- _TASK DESCRIPTION_:
Check every line of the data and copy the ones where "Mattress" appears.

RECORDS Start Marker

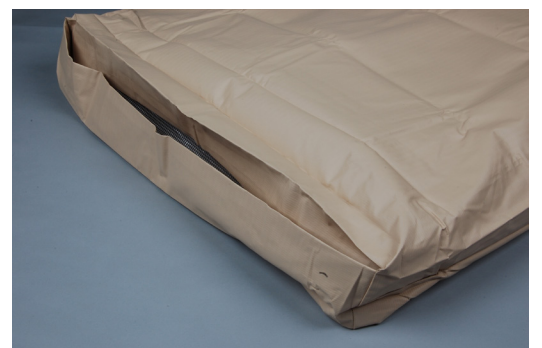
Vinyl Mattress Cover with Box Corner Flaps

Extend the life of your mattresses with GCI Mattress Covers!
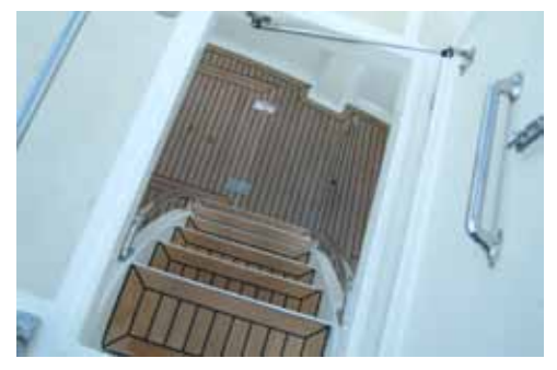
Length 13.80 m Beam 4.20 m Draft 1.21 m Displacement 15.500 kg
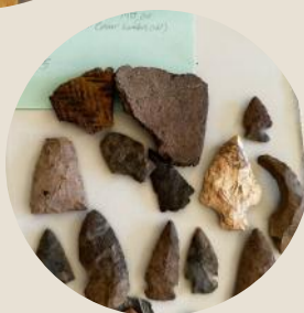
Cleaning and Collections Care
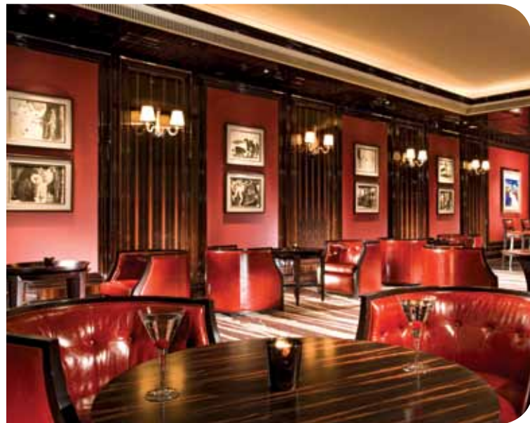
A series of lithograph by Pablo Picasso lines the walls of the warmly decorated Astor Bar, complementing the ambience of affluent splendour and debonair refinement in which to enjoy an extensive range of wines, spirits and Champagnes.

St. Regis Singapore has partnered DBS Insignia Visa to provide lifestyle privileges to their exclusive members.

RECORDS End Marker

- _RESULT OF THIS EXERCISE_:
Vinyl Mattress Cover with Box Corner Flaps
Extend the life of your mattresses with GCI Mattress Covers!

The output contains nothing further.